Buy Dr. Reddy`s Laboratories Ltd For Target Rs.5,525 - Emkay Global
Back in the game
* We reiterate Buy on DRL with a modestly lower TP of Rs5,525 (vs. Rs5,755 earlier) as we lower Sputnik upside to Rs140/share from Rs350 earlier. While the domestic vaccine opportunity has almost ended, the export agreement offers an opportunity.
* DRL posted an all-round beat in Q2, with revenue, EBITDA and PAT beating estimates by 13%/19%/39%. While the results had one-off positives such as licensing income and Covid product exports in emerging markets, core businesses such as US and India also did well.
* US product launch momentum is expected to accelerate in H2FY22. Management retained EBITDA margin guidance of ~25%. Increased investments in branded markets and R&D spends will be offset by higher productivity and opex leverage. ETR will be 25-26%.
* The stock is trading at an attractive valuation of 21x 1-year forward P/E vs. the historical average of 25x. We value the stock using the SOTP valuation, which implies a 22x P/E on our Dec’23E EPS, Revlimid NPV of Rs200/share and vaccine NPV of Rs140/share.
Strong execution across segments:
US revenue of US$255mn grew 3% yoy/9% qoq, driven by new launches and ramp-up in volumes of existing products, partly offset by price erosion. India growth was stronger than expected at 25% yoy, aided by Rs900mn Sputnik sales. Emerging markets recorded a sharp jump in revenue due to strong growth in the core business across geographies as well as a tender win in Russia and Favipiravir sales in other geographies. The PSAI business was flat qoq.
Upbeat guidance:
US product launch momentum is expected to accelerate in H2FY22. Management expects continued ramp-up of recently launched products in US with strong pipeline visibility for FY23. Management reiterated EBITDA margin guidance of ~25%. Increased investments in the branded markets and R&D spends will be offset by higher productivity and opex leverage.
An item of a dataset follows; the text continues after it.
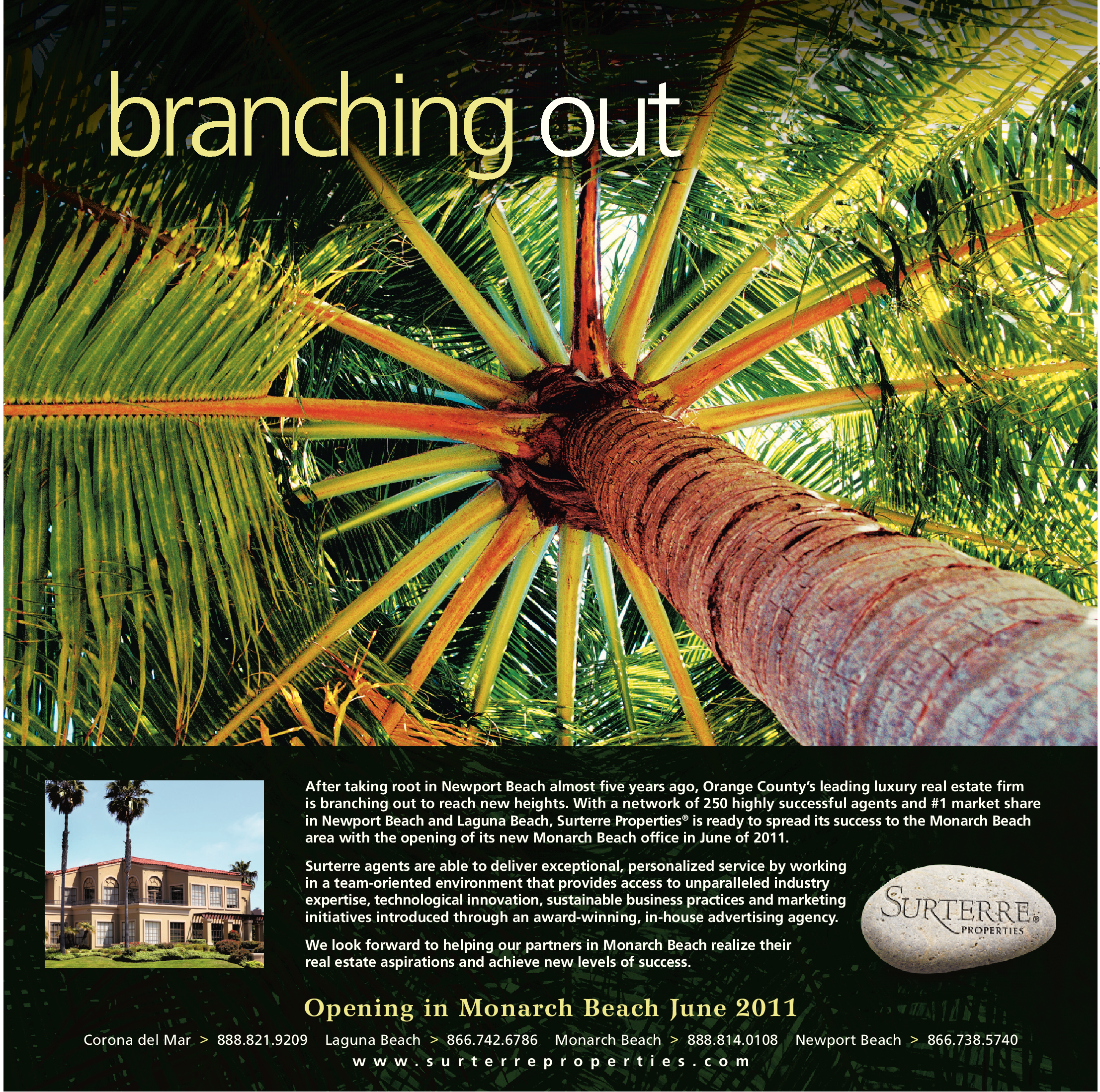 After taking root in Newport Beach almost five years ago, Orange County’s leading luxury real estate firm is branching out to reach new heights. With a network of 250 highly successful agents and #1 market share in Newport Beach and Laguna Beach, Surterre Properties ® is ready to spread its success to the Monarch Beach area with the opening of its new Monarch Beach office in June of 2011.

ETR is guided to be 25-26%. Management also sounded confident about addressing 8 observations cited by the US FDA for its Vizag plant. Most of the observations relate to a specific product as the inspection was PAI, which later converted to cGMP. The export contract for Sputnik brings back the optional upside.
Long-term outlook intact:
We remain positive on DRL as we believe it has good US pipeline visibility. In addition, its steadfast focus on the India business should drive ~200bps growth outperformance relative to the India pharma market, along with margin expansion, as the sales force remains stable. The company’s strategy of leveraging the US portfolio for Europe and ROW is expected to drive growth and margin accretion in the medium term.
Valuations attractive:
The stock is trading at an attractive valuation of 21x 1-year forward P/E vs. the historical average of 25x. Our TP of Rs5,525 represents a P/E of 22x on Dec’23E EPS, Revlimid NPV of Rs200/share and vaccine NPV of Rs140/share. Catalysts: Limitedcompetition launches, higher growth in the branded business, and higher offtake of Sputnik V in the export markets. Downside risks: Higher-than-expected price erosion and adverse regulatory outcome.